Hayvan Hakları İzleme Komitesi (HAKİM) Koordinatörü Fatma Biltekin, yasa teklifini ‘göstermelik’ olarak nitelendirdi. Avcılığın, kürk çiftliklerinin ve hayvanat bahçelerinin yasaklanmadığını kaydeden Biltekin, teklife dair tepkilerini şu sözlerle dile getirdi:

“Konuştuğumuz hiçbir şey teklifte yok. Hayvana şiddette alt cezanın 3 yıl olmasını istiyorduk, böylelikle hapis cezası olurdu. Teklifte hayvana şiddet 6 aydan başlıyor. Bu da hapis cezası olmayacağını, para cezasına çevrileceği anlamına geliyor. Hâlâ ‘hayvana tecavüz’ diyorlar. Bu terimin ‘cinsel saldırı’ olarak değişmesi gerekiyordu. Kedi-köpek satışı pethsopta yasak ama hamster, kuş satışı devam edecek. Petshoplara gidip katalogdan hayvan seçiyorsunuz, sonra gidip üretim çiftliğinden alabileceksiniz. Etkili bir yasa gibi göstermeye çalışıyorlar ama detayları çok korkunç. Detaylar süslü cümlelerle kapatılmış. Yunus parklarının yeni tesis kurması ve üretim yapması yasak ama mevcut tesislere aykırı davrananlar 25 bin TL ceza öngörüyorlar. Örneğin bir yunus getirdiklerinde ona el koymayacaklar para cezası kestikten sonra hayvan orada kalmaya devam edecek. 25 bin lira bu tesisler için hiçbir şey değil, çok komik rakam. Hayvanat bahçeleri hâlâ açık. İsmini değiştirip ‘doğal yaşam parkı’ diyorlar. Hayvanlar orada deliriyor. Hayvanat bahçesi değil de doğal yaşam parkı diyerek isim değiştirmek bir işe yaramıyor. Konuştuğumuz hiçbir şey yok teklifte yok. Kürk çiftlikleri dediler yasaklanmadı. Yeni teklifle hayvana şiddette şikâyet hakkımız elimizden alınıyor. Sokakta yaşayan hayvanın başına bir şey geldiğinde gidip şikâyet edemeyeceğiz.”

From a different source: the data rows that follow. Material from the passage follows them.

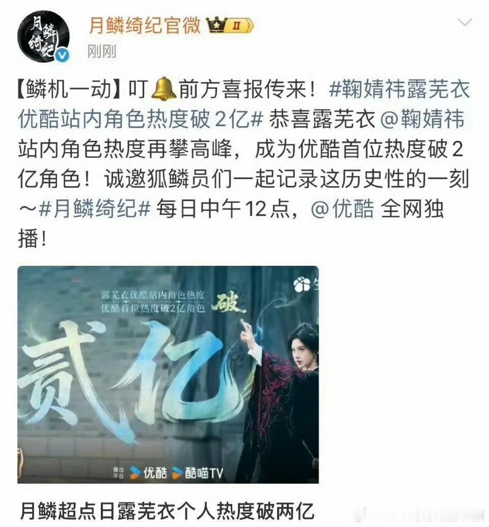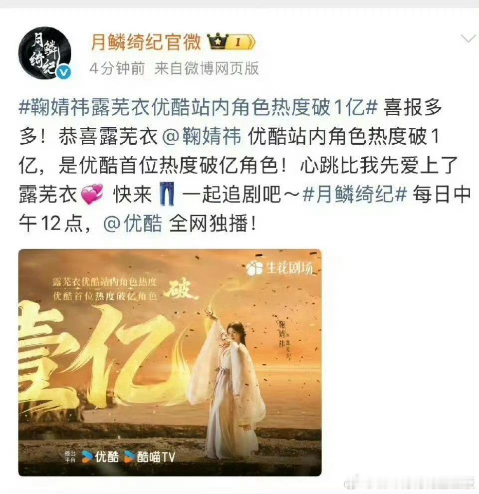 鞠婧祎粉丝保密协议到期了露芜衣收官快乐,鞠婧祎这个伟大,从4月3日至11日,鞠婧祎连续9天稳坐全网在播剧角色热度TOP1,实现了断层式领跑,TOP女就是这么权威!!!
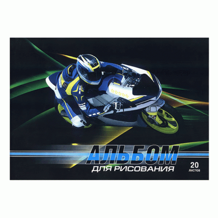 Альбом для рисования, 20 листов, скрепка, 1044 "Мотоотрыв" /30/
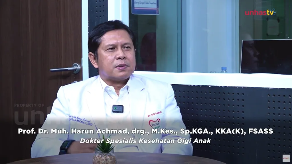 Di studio Unhas.TV siang itu, hadir seorang narasumber yang sudah malang-melintang dalam dunia kedokteran gigi anak, Prof. Dr. drg. Muhammad Harun Achmad, M.Kes., Sp.KGA(K).
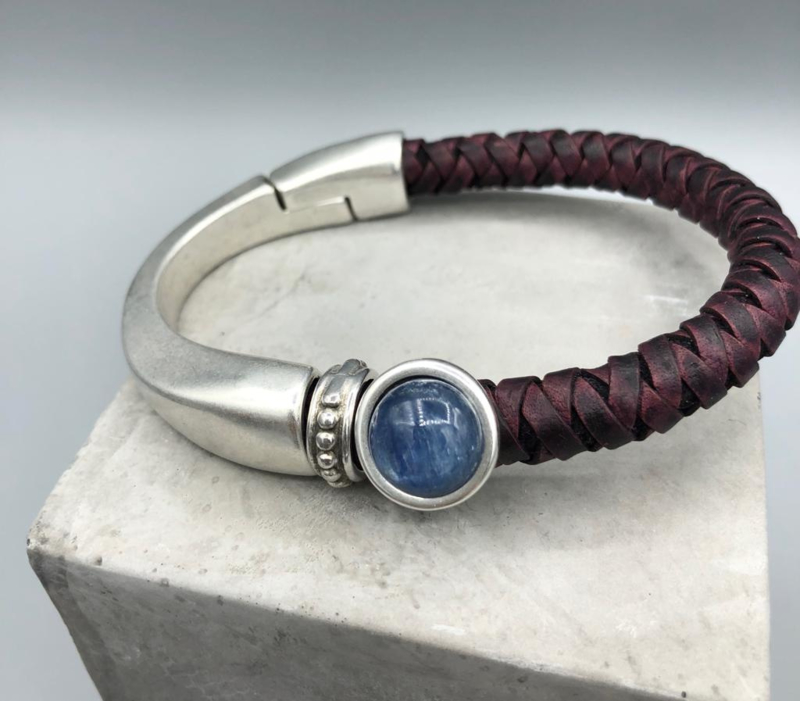 Deze mooie armband is gemaakt van Natuursteen Kyaniet. Bovendien is het materiaal nikkelvrij en zwaar verzilverd. De kleur leer is Bordaux gevlochten en heeft een magneetafsluiting van 10 mm.

SUÇ DUYURUSU HAKKI VATANDAŞA VERİLMELİ

Hayvan Hakları Federasyonu (HAYTAP) Ankara Temsilcisi Pelin Sayılgan ise teklifte özellikle yurttaşa suç duyurusu hakkının verilmediğine dikkat çekti: “Teklifte Tarım ve Orman Bakanlığının il veya ilçe müdürlüklerine suç duyurusu yapma yetkisi veriliyor, vatandaşlara bu hak verilmiyor. Bu hakkın vatandaşlara verilmesi gerekiyordu. Bu haliyle hayvana şiddet, işkence durumlarında suç duyurusunda bulunmak zorlaştırılıyor.”

Sayılgan, toplumda bilincin artması ve toplum baskısıyla bu yasanın geldiğini ancak ‘yetersiz’ olduğunu vurgulayarak şöyle dedi: “Petshoplarda hayvanların fiziken bulundurularak satılması yasaklanıyor fakat katalogla satışa izin veriliyor. Sorun sadece hayvanların bulundurulduğu kötü koşullar değli, sokak hayvanı popülasyonu. Biz 10 yıl boyunca evcil hayvan üretim ve satışının durdurulması gerektiğini savunuyoruz. Ayrıca hayvanın mal statüsünden çıkarıldığı iddia edilen bir kanunda hayvanların alınıp satılmasının koşullarının düzenlenmesi kanunun ruhuyla uyuşmuyor. Hayvan deneyleri tamamen yasaklanmıyor, yetkisi olmadığı halde hayvan deneyi yapanlara para cezası getiriliyor.”